→ **Exercise**
Copy the lines below exactly, starting at the one with "Bénédiction des enfants et des cartables." and ending at the one with "右側2ブロックが農園ゾーンとなる", and leave out any picture.

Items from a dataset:
—————

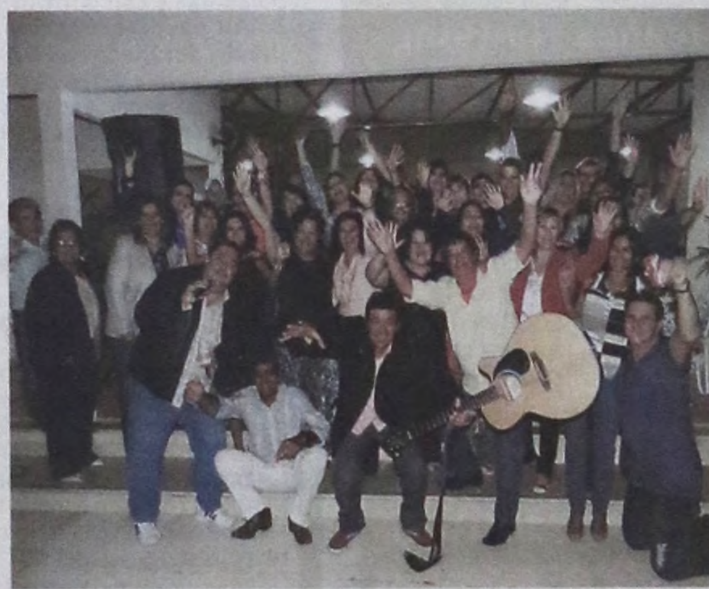
Galera animada no aniversário da empresária
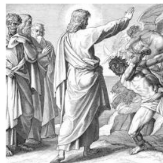
Платный курс по изгнанию бесов. Мастер-класс от Иисуса.
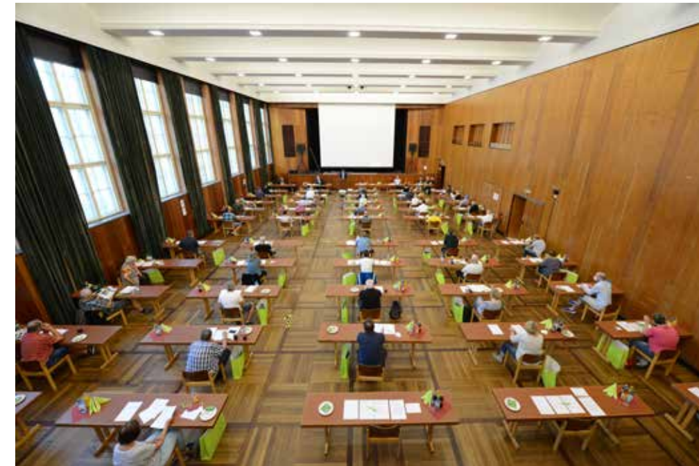
Ein Blick auf die Vertreterversammlung 2021 in der Stadthalle Schweinfurt
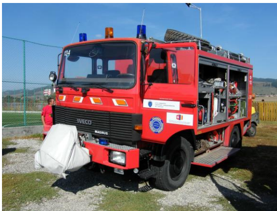
Camion remis à la mairie

Ce véhicule complète la dotation existante des pompiers de Sânmartin/Csíkszentmárton qui possédaient déjà un camion tonne-pompe.
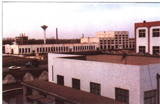
宝丰经济技术开发区一角
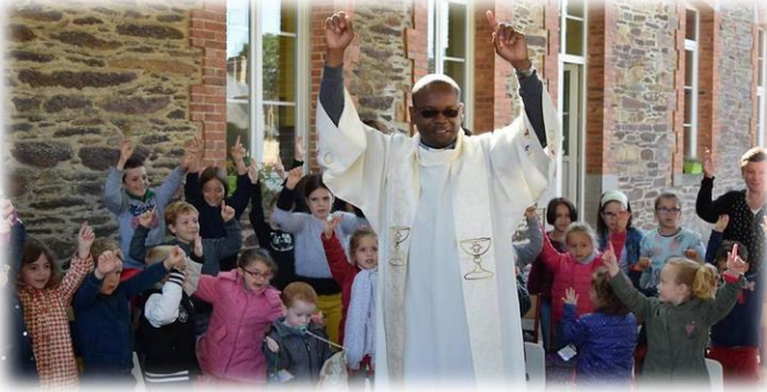
Bénédiction des enfants et des cartables.

Un début d'année scolaire ponctué de moments forts partagés par les 62 élèves de l'école.
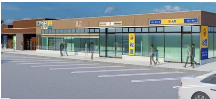
《直方PA(外観イメージ)》

なお、店舗切替作業に伴い営業休止(約3日間)させていただきます。営業休止期間におきましては、近隣のサービスエリア(SA)・パーキングエリア(PA)をご利用いただきますようお願いいたします。お客さまにはご不便をおかけしますが、ご理解と協力をお願いします。
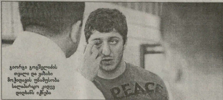
გიორგი გოგშელიძის თვალი და ყაზახი მოჭიდავის უნამუსობა სალაპარაგო კიდევ დიღხანს იქნება
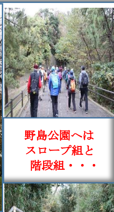
野島公園へは スロープ組と 階段組・・・
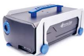
FROG mono-coup et multi-coup
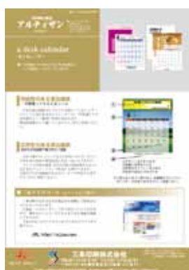
■第9号 9月号 特集：卓上カレンダー
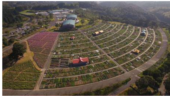
右側2ブロックが農園ゾーンとなる
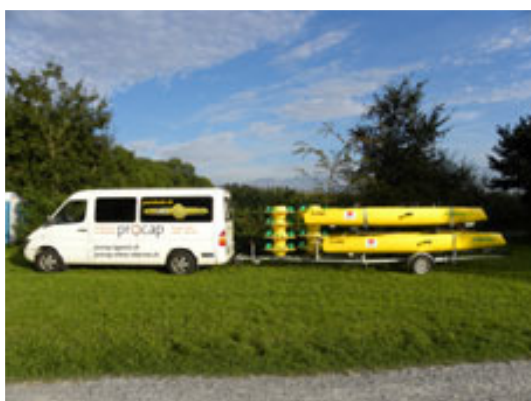
Bus mit 4er Paraboat – Anhänger

—————

→ **Task solution**
Bénédiction des enfants et des cartables.

Un début d'année scolaire ponctué de moments forts partagés par les 62 élèves de l'école.
《直方PA(外観イメージ)》

なお、店舗切替作業に伴い営業休止(約3日間)させていただきます。営業休止期間におきましては、近隣のサービスエリア(SA)・パーキングエリア(PA)をご利用いただきますようお願いいたします。お客さまにはご不便をおかけしますが、ご理解と協力をお願いします。
გიორგი გოგშელიძის თვალი და ყაზახი მოჭიდავის უნამუსობა სალაპარაგო კიდევ დიღხანს იქნება
野島公園へは スロープ組と 階段組・・・
FROG mono-coup et multi-coup
■第9号 9月号 特集：卓上カレンダー
右側2ブロックが農園ゾーンとなる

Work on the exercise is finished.